A mixture of the above coating liquid 8 and coating liquid 3 at a coating weight ratio of coating liquid 8 / coating liquid 3 = 25/75 was used as a coating liquid for forming a laminated film.

[0110]

[Table 1]

[0111]

According to the laminated film of the present invention, at least one surface of the thermoplastic resin film has an average particle size of 1 nm.
As described above, the amorphous stannic oxide of 12 nm or less
By providing a laminated film containing 0 to 90% by weight and a binder resin of 90 to 10% by weight, a high level of antistatic property is exhibited irrespective of humidity change, and ink adhesion and abrasion resistance are excellent. Also, an effect excellent in environmental resistance such as not containing a heavy metal element such as antimony can be exhibited.
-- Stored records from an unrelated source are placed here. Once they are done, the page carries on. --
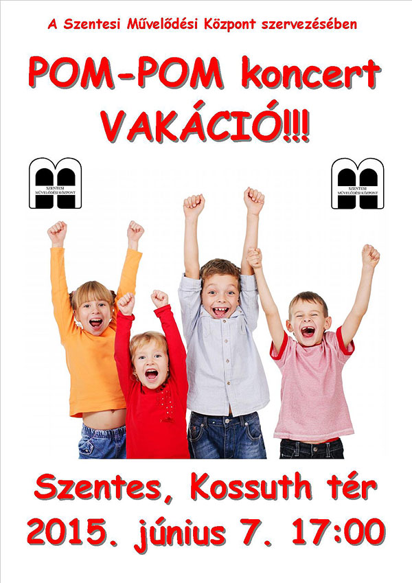 A Városi gyermeknapon a Pom-Pom együttes ismét a "hazai" közönség előtt lép színpadra. A vasárnap 5 órakor kezdődő műsor aktuális: Bendegúz és osztálytársaik utolsó tanítási napja elevenedik meg a színpadon feleletekkel, földrajz, ének, matek és tornaórákon. Egy héttel a valódi iskolazárás előtt a Pom-Pom koncert bizonyosan jó szórakozást nyújt kicsiknek és nagyoknak egyaránt.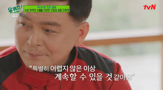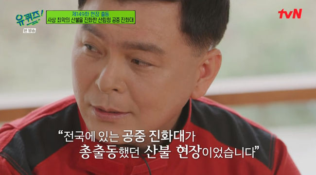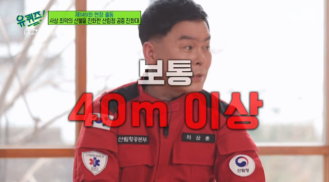 이날, 산림청 공중진화대 라상훈 팀장이 산불에 대한 이야기를 전했다. 라상훈 팀장은 "헬기를 타고 산속을 들어가는 일이니까 2002년 대둔산에 들어갈 때 기장님이 헬기에 이상하다고 하셨다. 기장님 판단에 복귀가 힘들다고 여기셨는지 비상탈출을 했다. 꼬리가 떨어지고 헬기 날개가 계속 돌아갔다. 그 시간이 굉장히 길게 느껴지더라. 다행히 날개가 멈춰서 무사히 탈출했다"라고 말했다.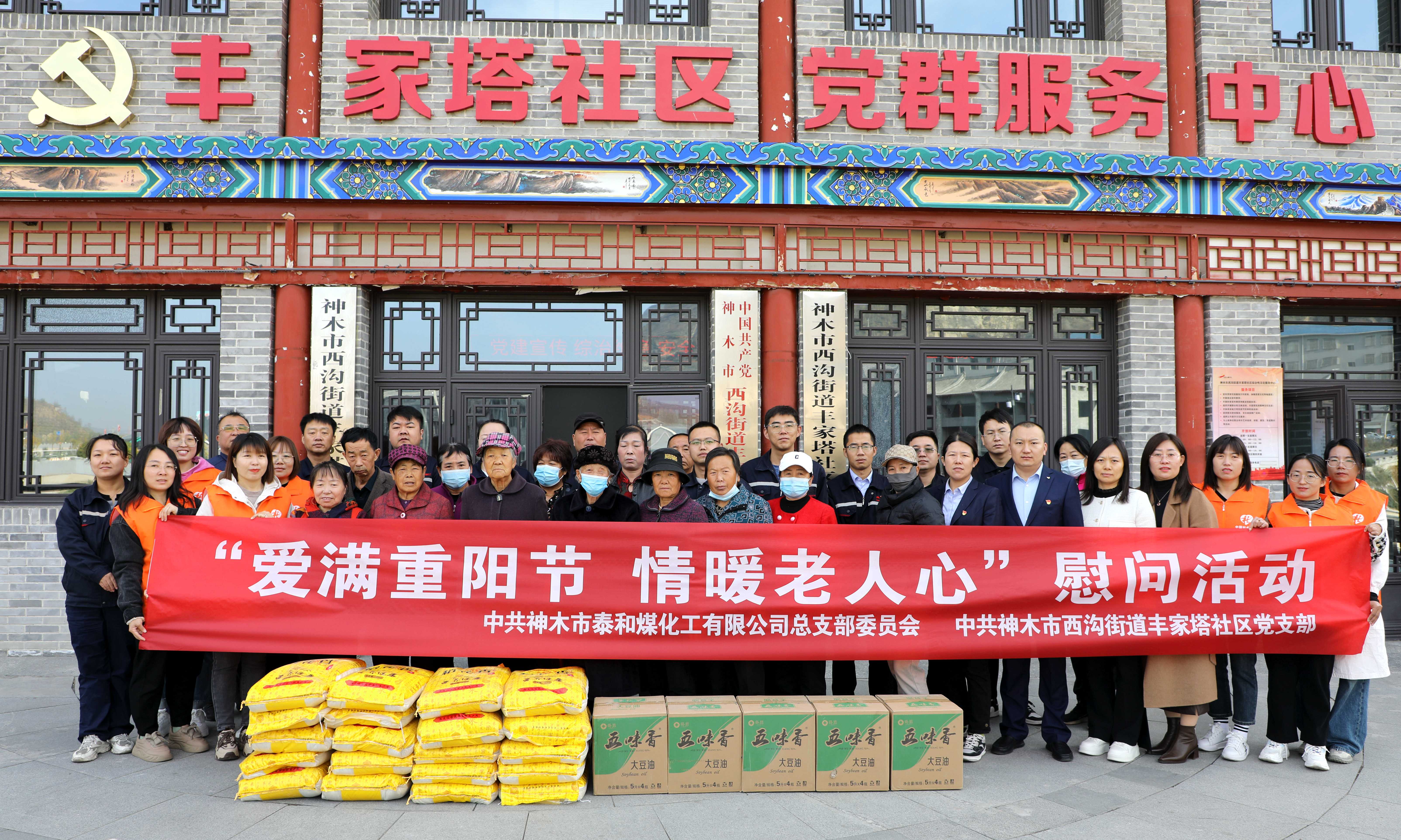 今歲又重陽,濃濃敬老情。10月23日,神木煤化工泰和公司黨員干部走進豐家塔社區開展“愛滿重陽節 情暖老人心”走訪慰問、關愛幫扶雙報到活動,泰和公司黨總支委員、副總經理王廷,豐家塔社區分管領導郭云霞及社區黨支部書記解瑞妮和雙方黨員參加活動。

──────────────────────────────────────────────────の Continued on the front page (51) Int.Cl. ⁷ Identification symbol FI Theme coat ゛ (Reference) B32B 27/36 B32B 27/36 // B32B 7/02 104 B32B 7/02 104 B29K 67:00 B29K 67: 00 101: 12 101: 12 B29L 7:00 B29L 7:00 9:00 9:00 (72) Inventor Takashi Mimura 1-1-1 Sonoyama, Otsu City, Shiga Prefecture F-term in the Shiga Plant of Toray Co., Ltd. ) 4D075 BB05Z BB35Z CA02 CA22 CA35 DA04 DB31 DB48 DC27 DC28 EA06 EC02 EC53 4F100 AA28B AK01A AK01B AK41B AK42A BA02 CC00B DE01B EH46 EJ38 EJ38A JA12B JB16A JG03 JL11 4G01 QAQAAGQAAGQ

Claims (3)

[Claims] 1. A laminated film containing 10 to 90% by weight of amorphous stannic oxide having an average particle diameter of 1 nm or more and 12 nm or less and 90 to 10% by weight of a binder resin is provided on at least one surface of a thermoplastic resin film. A laminated film characterized by being made. 2. A laminated film having an average particle diameter of 1 n on at least one surface of a thermoplastic resin film before completion of crystal orientation.
2. The laminated film according to claim 1, wherein the laminated film is formed by applying an aqueous coating liquid containing amorphous stannic oxide having a size of m or more and 12 nm or less, followed by stretching in at least one direction and performing heat treatment. 3. The thermoplastic resin film is a polyethylene terephthalate film or polyethylene-2,6-
The laminated film according to claim 1, comprising a naphthalate film.